The galectin-4-glycan axis in intestinal inflammation: friend or foe?

MASSARO, MORA; CAGNONI, ALEJANDRO J; MANSELLE COCCO, MONTANA N; CUTINE, ANABELA M; MERLO, JOAQUÍN P; VEIGAS, FLORENCIA; GATTO, SABRINA; MORALES, ROSA M; PEREZ-SAEZ, JUAN M; LENIS, BLADIMIRO; TOSCANO, MARTA A; RABINOVICH, GABRIEL A; MARIÑO, KARINA V

Mar del Plata

Congreso; 2022 Reunion Anual Sociedad Argentina de Inmunologia; 2022

Sociedad Argentina de Inmunología

Inflammatory Bowel Diseases (IBD) including ulcerative colitis (UC) and Crohn’s disease (CD) constitute a group of chronic disorders that affect the gastrointestinal tract. Limitations of the currently available treatments generate a need for new therapeutic targets. Galectin-4 (Gal4) is a tandem-repeat type lectin with two carbohydrate recognition (CRD) domains that is predominantly expressed in intestinal epithelial cells, but its role in IBD is still under debate. In this work, we analyzed single cell RNAseq transcriptomic data from UC patients and found that Gal4 is downregulated when compared to healthy controls (p-val=4.9e-68). We then evaluated the influence of Gal4 using transgenic mice with a specific depletion of Gal4 in the intestinal epithelium (CreVill+/-/FloxGal4+/+). Although development of dextran sulfate sodium (DSS) acute colitis in these mice did not show statistically significant differences in weight loss and colon weight/length ratio when compared to WT littermates, we found significant differences in the T cell compartment, as mesenteric lymph nodes showed increased proportion CD4+ CD62L+ CD44+ memory T cells (p-val=0.009).
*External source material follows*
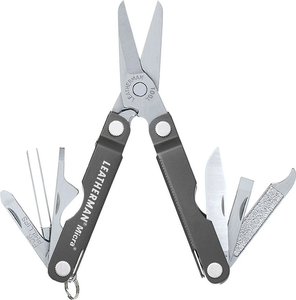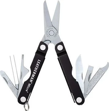 The Leatherman Micra is our most popular mini-tool with anglers, hobbyists and those who can appreciate the best spring-action scissors around. Personal care features that fit on your key chain are just part of what makes the Micra truly unique. Ten useful tools are packed into this tiny, lightweight Leatherman. Perfect for a tackle box, pocket, purse, fanny pack, or sewing kit, the Micra makes a great gift.

No differences in the myeloid or B cell compartments were found. Next, and in order to explore the functional role of this protein, we have optimized the recombinant expression and purification of human Gal4 in E. coli BL21 (DE3) cells. As the His-Gal4 construct did not show optimal results, vector pET-28a-SUMO-Gal4 was finally selected for transformation. For purification, the SUMO tag was cleaved, and two sequential affinity columns (Ni-NTA and lactose) were used, obtaining 2 mg/L of active hGal4. Activity was biochemically tested by solid phase assays and in vitro, as hGal4 was able to induce interleukin-6 secretion in activated (anti-CD3 and anti-CD28) splenocytes. In summary, with these preliminary results we set up the basis for further characterization of the role of the Gal4-glycan axis in intestinal inflammation.